Strategy and Resource Shift Needed: Auto Workers Union Need Organizing Campaign Based on an Army of Member-Organizers

Key to a new organizing strategy is that the UAW to hire and train an “army” of member-organizers. With the recent loss of many experienced members in the Big Three, this could be a good way to put talented union members to work. Photo: Jim West

As the UAW prepares for this summer’s negotiations with the Big Three auto companies, UAW leadership is strangely silent. With the companies seeming poised to demand major concessions, the union cannot afford to look weak.

Silence won’t work, and the UAW cannot hang its hat on the fortunes of the Big Three alone. If the Big Three’s market share is going down, it means it’s increasing for nonunion auto companies like Toyota and Honda. We need to put the industry on notice that where there are auto plants, there will be a union!

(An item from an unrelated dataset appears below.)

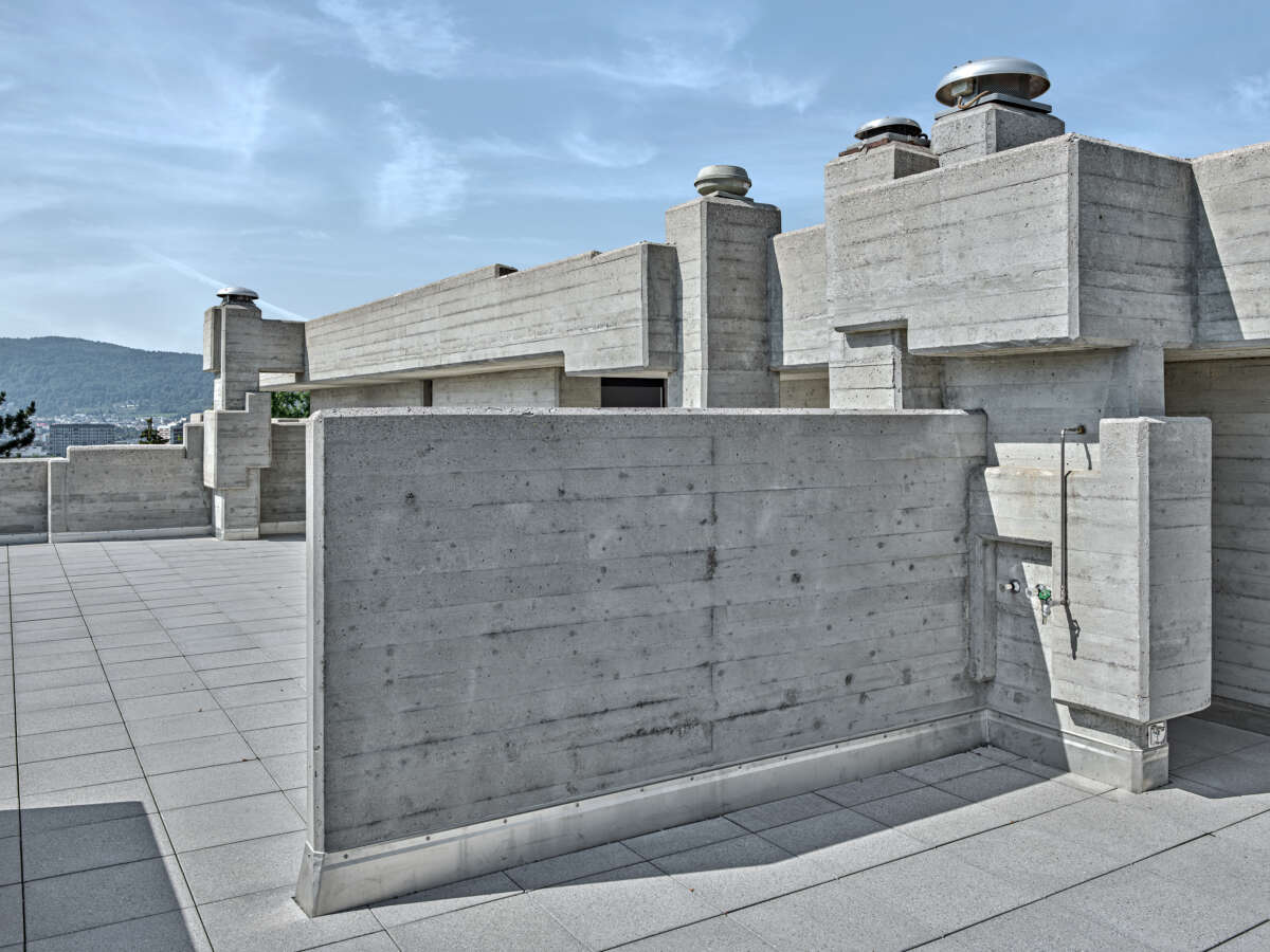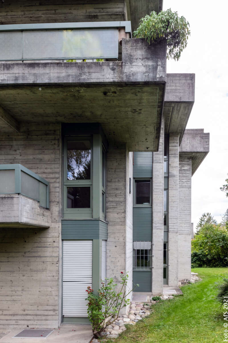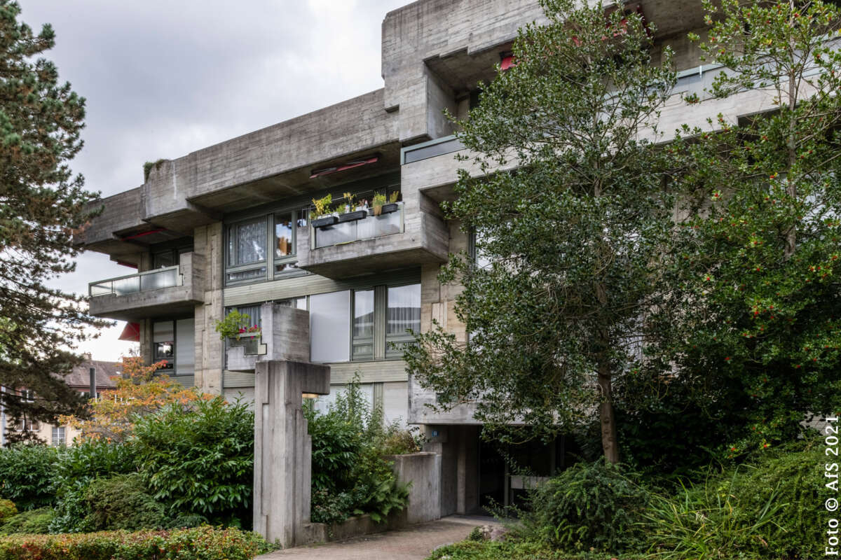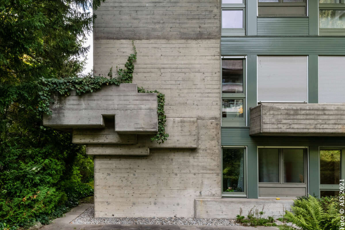 Sie stechen ins Auge; drei skulpturale Betonbauten, die sich den Hang hinaufstaffeln. Ihr Schöpfer Otto Glaus zählt zu den wichtigsten Vertretern des Brutalismus. Einst Mitarbeiter von Le Corbusier, ist der Einfluss sichtbar: das plastische Spiel mit Volumen, Balkonen und Pflanztrögen, die die Fassaden rhythmisieren, die Verwendung von strukturiertem Sichtbeton. Aber auch das angewendete Modulor-Masssystem sowie ein gewisser Sozialanspruch, der aus den sorgfältig komponierten Aussenräumen, Dachgärten und -aufbauten spricht. Sie dienen kompensatorisch als Erholungsraum für die verbaute Fläche.

GETTING SERIOUS ABOUT ORGANIZING

At the UAW convention in June 2006, the leadership claimed $60 million was going to go for organizing. This was coming out of the UAW’s gigantic $874 million strike fund. Yet it should be noted that the entire amount was placed into the UAW’s general fund and not strictly into the organizing budget.

It looks like the leaders threw those promises out there to keep the delegates happy without considering any serious organizing plans. Last month UAW officials were quoted as saying they have no plans to use the additional money voted for organizing until after negotiations are over with this summer. We are wasting precious time.

One of the issues the UAW wants to deal with in Daimler-Chrysler negotiations is their nonunion plant in Vance, Alabama.

Rather than trying to win those members to the union through an organizing drive, Business Week reported that the union is looking for a neutrality and card check agreement for nonunion Daimler plants. If this comes in exchange for concessions at Chrysler’s union plants, the UAW would be accepting a position of weakness and selling out its members.

There is an alternative to continual concessions, but it requires a major change in the way the UAW functions. The UAW needs a comprehensive organizing strategy for both foreign transplants and auto parts plants. It must organize workers on a scale not seen since the union’s early years.

FULL COURT PRESS

Key to a new organizing strategy is that the UAW to hire and train an “army” of member-organizers. With the recent loss of many experienced members in the Big Three, this could be a good way to put talented union members to work.

Those who have worked in the plants will have a lot to offer organizing campaigns. However, they will need effective training. Even more than $60 million should be put directly into the organizing budget: $100 million could put more than 1,000 member-organizers into the field!

We should use these organizers to go to UAW locals in the areas where they are organizing and mobilize the working and retired members to help in the organizing effort. Local members should know about the plants in their area that need to be organized. Organizers could head up local union committees and bring leaders from the nonunion plants to address membership meetings.

Members will likely know people working in nonunion plants close by and could give the organizers valuable new contacts. Local union activists may know the leaders of community organizations that could be brought into the organizing campaigns.

GOING ON THE OFFENSIVE

Unions have complained about harassment campaigns organized against pro-union workers at nonunion plants during organizing drives. Systematic fight-backs with mass leafleting need to be organized to defend and highlight each instance of anti-union behavior.

Each time a worker is fired for organizing, the firing should become a “cause celebre.” If UAW organizers establish close relations with Central Labor Councils where they exist, they can bring the entire labor community into support of our organizing campaigns. UAW locals could also hurt a nonunion plant’s standing in the community if they were armed with the details of the plant’s health and safety record.

This would let the nonunion companies know they will face the wrath of the entire community when they engage in such actions.

By launching a wide-scale mobilization now, we would be entering negotiations with a stance that would let the entire auto industry know we will not be cowed down by their strong-armed, bullying tactics.


Wendy Thompson is the retired former president of UAW Local 235 at American Axle and is a delegate to the UAW’s upcoming convention.